Todos os anos, na noite de vinte e quatro de dezembro, comiam na cozinha, sentados nuns banquinhos baixos, colocados em frente da lareira. A tigela da sopa de Natal fumegava entre as mãos. O refogado era feito com o azeite do ano, cebola e alho picados, bacalhau desfiado grosseiramente e couves colhidas depois das noites de geada que as adocicavam. Duas cabeças de pão da Silvã, redondas e brancas, já migadas num alguidar de barro com um pouco de água da fervura, eram acrescentadas ao caldo.

As crianças deixavam os sapatinhos junto à lareira, depois da ceia, ao calor da cinza adormecida. Faziam os pedidos, em voz alta, ao Menino Jesus. Não variavam muito de ano para ano: meias e cuecas. Às vezes, como que por milagre das alturas, eram prendadas com chocolates pequeninos, embrulhados em pratas de várias cores, que reluzentes enchiam de brilho os olhos mal abertos, quando se levantavam de manhã cedinho para abrir as prendinhas, antes da missa de dia de Natal, na Vila. 

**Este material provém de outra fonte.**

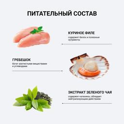 Во все продукты добавлен экстракт зелёного чая, который, благодаря содержанию катехина, обладает нейтрализующим действием на запах содержимого кишечника. Лакомство обогащено витамином Е — натуральным антиоксидантом, поддерживающим иммунитет животного. Не содержит искусственных добавок, красителей и консервантов, поэтому подойдут животным с чувствительным пищеварением.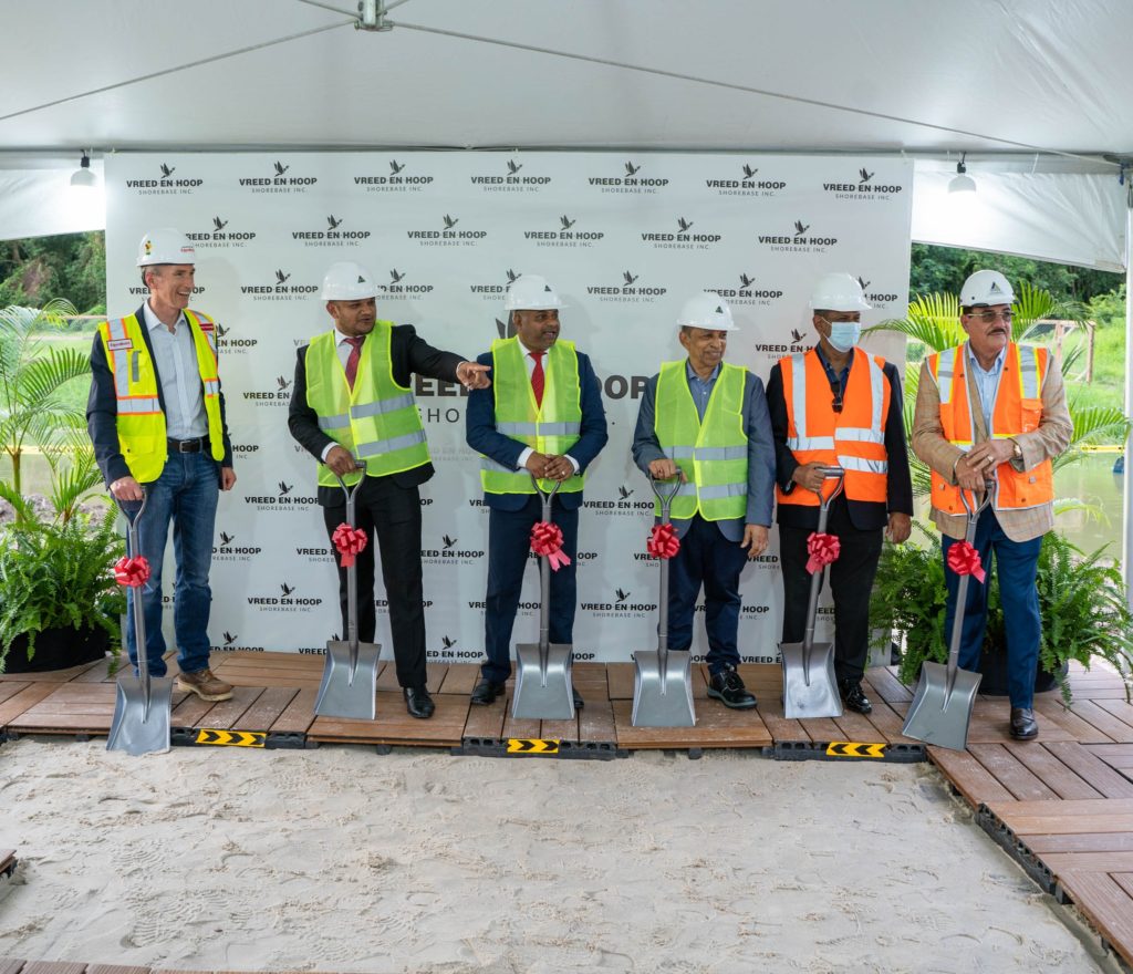 The sod for the GY$62.7 billion Vreed-en-Hoop Shore Base facility on the West Coast of Demerara was officially turned on Tuesday, signalling the start of construction.The shore base is being undertaken by Vreed-en-Hoop Shorebase Incorporated (VEHSI), a joint venture between NRG Holdings – a consortium of local businesses and Jan De Nul – an international maritime infrastructure company.The consortium comprises three local entrepreneurs: gold miner Andron Alphonso of ZRN Investment Inc; Azruddin Mohamed of HADI’S World Incorporated; and Nicholas Deygoo-Boyer of National Hardware Guyana Ltd.In April last, VEHSI landed a contract with ExxonMobil Guyana to support future construction activities of the oil and gas giant. Through the contract, ExxonMobil Guyana will use this shore base to conduct more of its needed fabrication works.Speaking at the sod-turning, President of ExxonMobil Guyana Alistair Routledge noted that the project is a “key milestone” in the development of Region Three (Essequibo Islands-West Demerara).[caption id="attachment_140783" align="aligncenter" width="737"]

Iam a pé agarrados à mãe que os segurava para que não caíssem nos caminhos gelados. Chegavam à igreja velha. De abraços abertos, já no altar, estava o novo pároco. Alto, sereno, voz timbrada, gestos largos, mãos longas erguidas ao alto, para cima e para baixo, para a esquerda e para a direita. Entoavam cânticos em coro ao Menino que acabara de nascer, mais uma vez, todos os anos: «O Menino está dormindo um sono de amor profundo/ Os anjos lhe estão cantando/ É o Salvador do mundo!» O teclado do órgão, com fole, agitava-se sob os pés e as mãos ritmados do organista, ainda jovem, que acompanhava, com olhar cúmplice, as ordens do senhor vigário lá do altar. 

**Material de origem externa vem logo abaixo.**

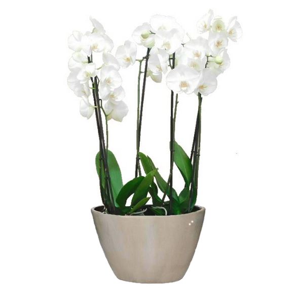 La terrine de 2 orchidées blanche se compose de 2 orchidées blanches à 3 tiges chacune avec son splendide cache-pot adapté.

 No final da missa, faziam uma fila e subiam até ao altar onde estava um presépio grande feito com musgo. No cimo, uma cabana de madeira coberta de caruma, à frente do pinheiro colhido na mata. Lá estava ele altaneiro, enfeitado com uma grande estrela de prata, para iluminar os caminhos, e muitos anjinhos de papel de lustro, feitos na catequese. Pastores e ovelhas percorriam os montes bordados de pedrinhas e de atalhos desenhados com farinha branquinha de neve. Os reis, trajados a rigor, estavam quase a chegar à Lapinha de Belém. Tinham nomes bonitos com sons doces: Baltazar, Melchior e Gaspar. Traziam ouro, incenso e mirra. Cantando louvores ao Menino, lá iam beijar-lhe os pés ou as mãos, todo despidinho, coitadinho, cheiinho de frio.

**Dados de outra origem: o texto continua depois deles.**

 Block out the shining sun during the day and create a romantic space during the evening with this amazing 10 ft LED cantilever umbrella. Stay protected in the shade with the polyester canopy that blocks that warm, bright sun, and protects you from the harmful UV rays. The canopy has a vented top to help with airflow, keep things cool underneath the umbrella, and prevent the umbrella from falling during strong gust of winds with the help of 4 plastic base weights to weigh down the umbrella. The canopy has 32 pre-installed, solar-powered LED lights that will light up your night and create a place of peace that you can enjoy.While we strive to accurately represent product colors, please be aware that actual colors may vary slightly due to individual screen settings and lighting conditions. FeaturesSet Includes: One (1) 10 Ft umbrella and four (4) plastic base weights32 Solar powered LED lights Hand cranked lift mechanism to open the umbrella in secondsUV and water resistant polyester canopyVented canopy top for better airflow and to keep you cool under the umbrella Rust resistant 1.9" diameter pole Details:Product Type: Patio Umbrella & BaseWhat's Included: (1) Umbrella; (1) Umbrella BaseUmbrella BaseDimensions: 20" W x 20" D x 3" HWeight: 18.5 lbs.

Agora quase nada disso importa. Um mês ou mais antes do Natal já as montras da cidade se iluminam, já a passadeira vermelha atravessa as ruas, já a música natalícia se evade dos altifalantes, já a azáfama da compra dos presentes de Natal agita os espaços comerciais a ver quem vende por melhor preço muitas coisas supérfluas, mas urgentes. O grande dia não tarda e há que o comemorar a preceito, com prendinhas e lacinhos para todos os mais chegados e os menos chegados. 

Nos espaços sofisticadamente decorados, um velho bonacheirão de vestes vermelhas e barbas brancas pousa sentado num trono, com o regaço pronto para acolher as crianças. As filas para o cumprimentarem enchem-se de gritos infantis.

O menino Jesus observa a turba ruidosa e afasta-se.  Só regressará no Dia de Natal ao coração dos homens de boa vontade.